FORD CITY, Pa. -- As dwindling membership and a lack of funds force ethnic churches across the country to close, parishioners worry their cultural pasts could be lost.
Holy Trinity, a Slovak church in Ford City, Pa., shut its doors in early August because of low attendance, a shortage of priests and a lack of money. At the same time, St. Francis of Paola, a predominantly Polish church, and St. Mary's, attended by German families, closed.
Church officials said there were too few people to support the Pittsburgh-area churches, according to the Associated Baptist Press (ABP).
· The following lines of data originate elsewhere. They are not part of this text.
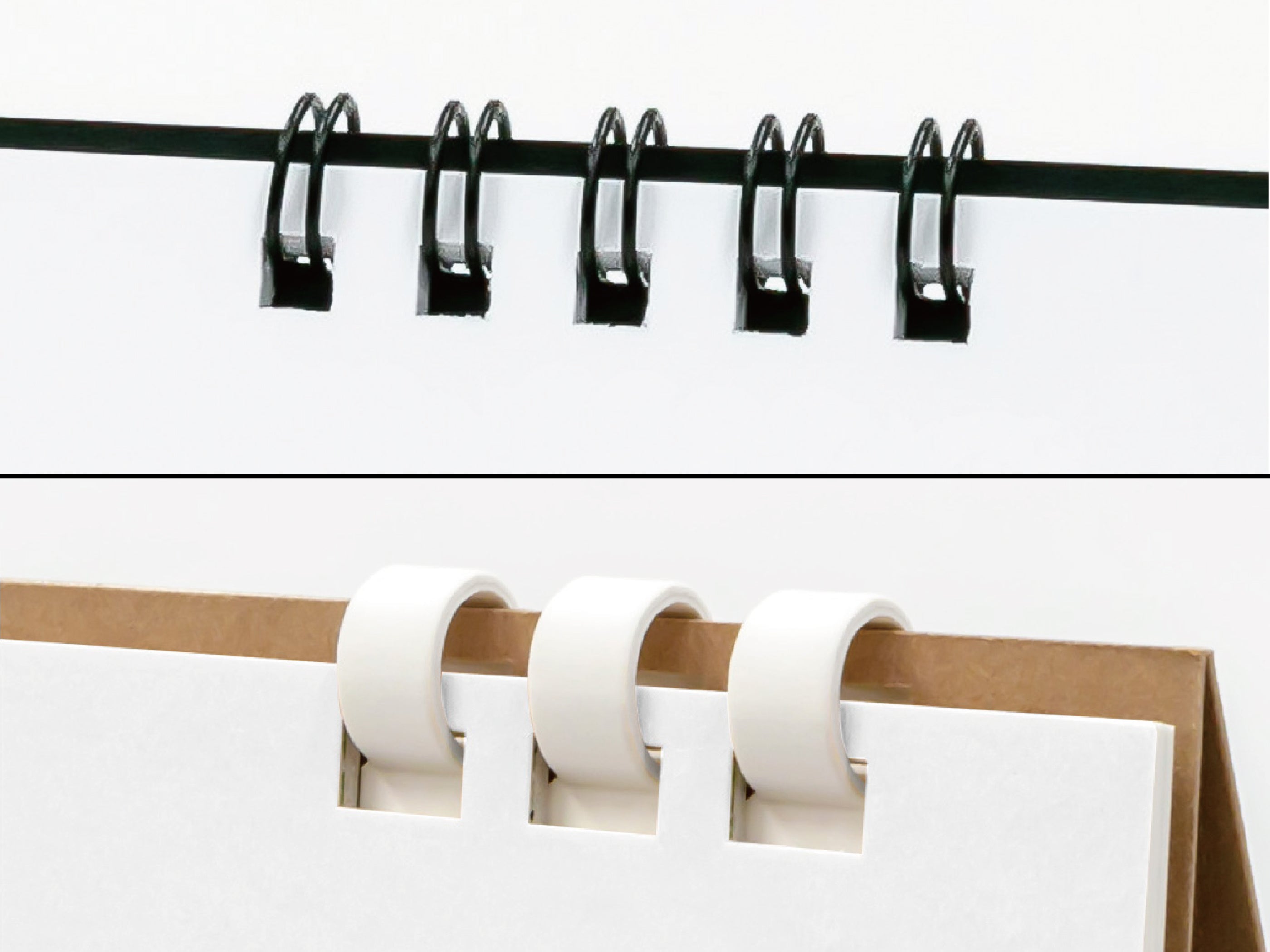 名入れカレンダーのリング仕様は、従来のスチールダブルリングに加え、新たに紙リングが加わりました。紙リングは日常使いでも問題のない強度で、リング色もホワイトを選ぶことでより紙製であることを強調することができます。
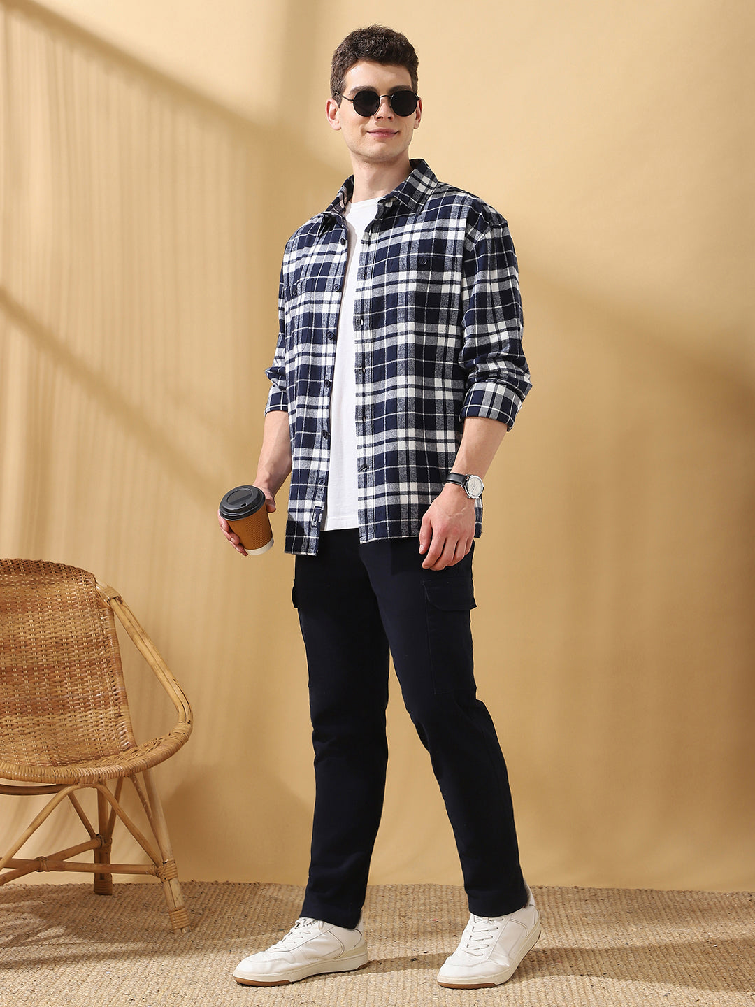 Men White & Navy Solid Spread Collar Full Sleeves Regular Fit Casual Shirt
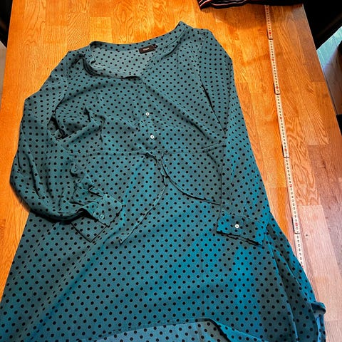 Skjorte i creme hvid, viscose. Flot skjorte med fine detaljer i form af knapper og lille bånd, se foto. Slidser i siderne. Flot stof med struktur. Let og luftig. Spørg gerne, hvis du vil høre mere om skjorten. Kun vasket i parfumefrit vaskepulver. Røg- og dyrefrit hjem. Sendes gerne.
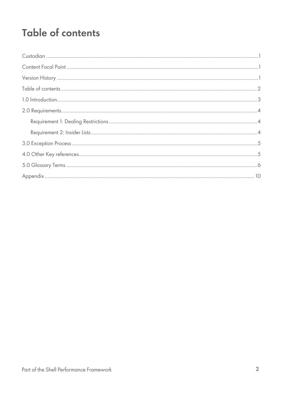 2 Part of the Shell Performance Framework Table of contents Custodian ............................................................................................................................................................ 1 Content Focal Point ............................................................................................................................................. 1 Version History .................................................................................................................................................... 1 Table of contents ................................................................................................................................................ 2 1.0 Introduction ................................................................................................................................................... 3 2.0 Requirements ................................................................................................................................................ 4 Requirement 1: Dealing Restrictions ............................................................................................................. 4 Requirement 2: Insider Lists .......................................................................................................................... 4 3.0 Exception Process ........................................................................................................................................ 5 4.0 Other Key references ................................................................................................................................... 5 5.0 Glossary Terms ............................................................................................................................................ 6 Appendix .......................................................................................................................................................... 10
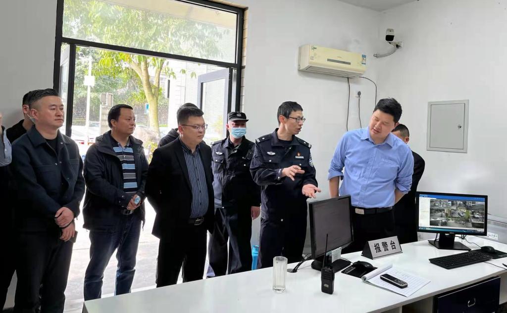 座谈会后,罗刚、梁光德陪同吴祖秧一行对我校警务室、征兵工作站、监控中心进行了实地参观。

"When everything boils down, all you have left is your roots," said Rose Bloser, 51, who had attended Holy Trinity most of her life. "I realize we're all in a melting pot, but you always keep some ties to where you came from."
Most of the ethnic churches now facing closure were established in the 1800s and early 1900s when Eastern European immigrants came to America for work. Many of the churches are Catholic.
The Pittsburgh Catholic diocese closed 10 ethnic parishes from 1988 to 1995. The closings appear to be a trend, according to the ABP. A Polish parish in Cleveland closed two years ago, and in March, a Roman Catholic church in Gary, Ind., closed after attendance dwindled to about 200. At one time, the church drew nearly 1,000 Polish, Czech and Lithuanian parishioners.